Numbers first. This is it for Rudy – he half-assed it in Iowa and New Hampshire on the firm belief that he could take Florida and then flop a straight on SuperDuper Tuesday. He’s cooked;; the Great Mentioner says he’s coming out for McCain tomorrow. McCain only beat Romney by 3%, but by the rules, gets the whole nut (more on this in a bit). Nevertheless, Romney has enough money and delegates to hang on and see what happens on the 5th. Huckabee is still hanging around, although he has no money and precious little organization, but with Fred Thompson gone, he still has a chance to redneck his way into a nice chunk of delegates on the big day. Which leaves us with:
MCCAIN: Loved by the press in a way that would get a restraining order slapped on them, but largely unacceptable to movement conservatives (Tom DeLay, Rush Limbaugh, etc).
ROMNEY: Derided as “Multiple Choice Mitt” by true believers, unacceptable to holy rollers because he is TEH MORMAN!!!!!, but loaded with cash and clocking enough second-place finishes to stick around for a bit.
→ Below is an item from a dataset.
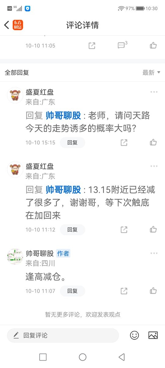 $西藏天路(SH600326)$ 西藏天路,精准把握买点和卖点。节前告诉同学们,在12元上下大胆买入,只进不出抢反弹,当天出现低点11元88,如果同学们相信,操作正确,3天白捡10几个百分点。节后第二天早盘,最高反弹到13元37,我立即告诉同学们,逢高减仓,长期关注我的同学们可以看到,这不是马后炮,有下面图帖为证,到目前为止从来没有高过13元37,证明本老师判断正确。为什么还不给我关注点赞?

HUCKABEE: Still trying to prove that you can win the nomination with nothing but a mildly interesting personal story, a double-handful of good zingers, and Chuck Norris. Unacceptable to the kind of people who want to build a 900-foot fence across the Mexican border, but beloved by holy rollers, and the church angle gives him the potential to coast for a while on less material support than another candidate might need.
PAUL: Is he still living? He might have been better off running a third-party campaign the way he did in 1988, with the Libertarian brand name and plenty of loose cash.
So yeah. First past the post, McCain takes all the Florida delegates with 36% of the votes. And that’s not as many delegates as would normally be there, because the GOP gimped the Florida delegate count to punish them for jumping the gun on SuperDuper Tuesday. The Dems did the same thing only worse; they decertified the primaries for Michigan and Florida and will not award any delegates.
Now, what’s the practical impact of this? Well I’ll tell you:
Not once since the dawn of the primary era has the selection of the Presidential nominee gone down to candidates with less than 50% of the delegate totals hashing it out in the circus of a convention. What happens – over the course of a series of races in Iowa, then New Hampshire, then Super Tuesday, then the other assorted checkpoints over a period of months or (more likely) weeks – is that a gradual sense develops that it’s going to be candidate X. Once the blessed diadem of inevitability is placed on X’s brow, it’s all over with, and there will be a motion at the convention to make it unanimous, and then they’ll play the music and drop the confetti and generally try to pretend that we still have old-style conventions full of pomp and drama and smoke-filled rooms rather than meaningless 4-day infomercials. God, even I don’t care about this anymore.
The point is, Hillary Clinton has a couple of wins in decertified primaries. They mean a whole lot of nothing, because there won’t be any delegates awarded, and Obama is still sitting on more live delegates in hand – but inasmuch as they contribute to the sense that she will be X, they are valuable wins. But they will only contribute to that sense *IF* the results are presented in that matter.
Because right now, Barack has 63, and Hillary has 48. To win, you need…um…TWO THOUSAND TWENTY-FIVE. Yes, that’s right, neither candidate yet has FIVE PERCENT of the delegates they need to clinch the nomination. And the Dems allocate their delegates proportionally, so as long as the Big Two keep finishing 1-2, they can carry this thing an awfully long way.
The Rs don’t generally do proportional representation, but let’s do their numbers: McCain 95, Romney 67, Huckabee 26, Paul 6 (!), Rudy 1 (!!!!). Total needed to win: 1,191. Super front-runner McCain is less than 10% of the way home.
And the fact of the matter is this: our candidates are selected in a series of state elections, all with different rules, and they aren’t even official government functions: they’re private elections conducted by private organizations. And even these private organizations have differences between their state orgs and the national party, or we wouldn’t have this mess in Michigan and Florida. Basically, we have a big cloud of chaos that kinda sorta eventually vomits up a candidate, like Jonah from the bowels of the big fish (the Bible doesn’t actually use the word “whale”), and then we can say “you and him fight.” And if we’re very unlucky, it takes 8 or 9 months.
Seriously, folks – the parliamentary model looks better every day.